Музыка играла все громче и громче, танецъ становился все живѣе и живѣе, и вѣтеръ въ комнатѣ зашевелилъ и зашумѣлъ листьями и ягодами на стѣнахъ, какъ часто случалось съ ними на деревѣ; онъ несся по комнатѣ, какъ будто невидимый рой духовъ вьется и мчится по слѣдамъ живыхъ людей. Докторъ завертѣлся такъ, что нельзя было разобрать ни одной черты лица его; по залѣ запорхала, казалось, цѣлая дюжина райскихъ птицъ, и трезвонятъ тысяча колокольчиковъ; платья заволновались, какъ парусы цѣлаго флота во время бури…. вдругъ музыка умолкла и танецъ кончился.
Разгорѣвшись и запыхавшись. докторъ еще нетерпѣливѣе ждалъ Альфреда.
— Что, не видно ли чего нибудь, Бритнъ?
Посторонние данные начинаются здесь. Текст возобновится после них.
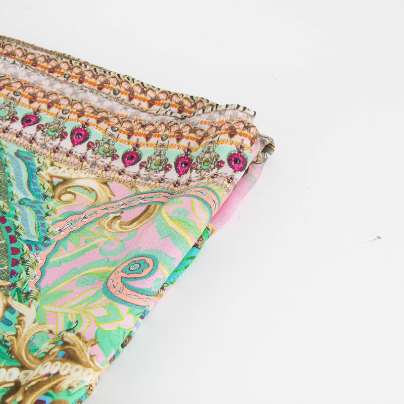 Camilla Pale Pink Green Print Diamante Square Silk Scarf
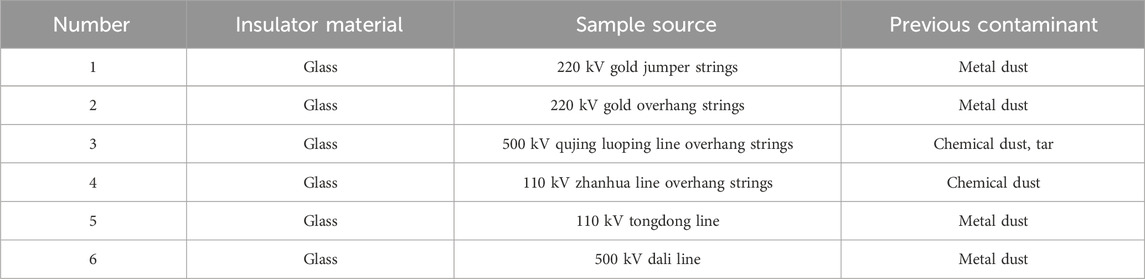 To clarify the contamination composition on the surface of glass insulators in miner-al and metallurgical environments, field sampling was conducted in regions with concentrated mineral resources and metallurgical industries. Two glass insulator samples were collected: one from a 220 kV jumper string and another from a 220 kV suspension string, both operating in long-term metallurgical environments. Detailed information on the sampling conditions is provided in Table 1.

Не слышно ли?
— На дворѣ такъ темно, что ничего вдали не видно, сэръ. И шумъ въ домѣ такой, что ничего не слышно.
— Тѣмъ лучше, — встрѣча веселѣе! Который часъ?
— Ровно полночь, сэръ. Онъ скоро долженъ быть здѣсь.
— Подложи дровъ въ каминъ, сказалъ докторъ. — Пусть еще издали увидитъ привѣтвый огонекъ сквозь темноту ночи.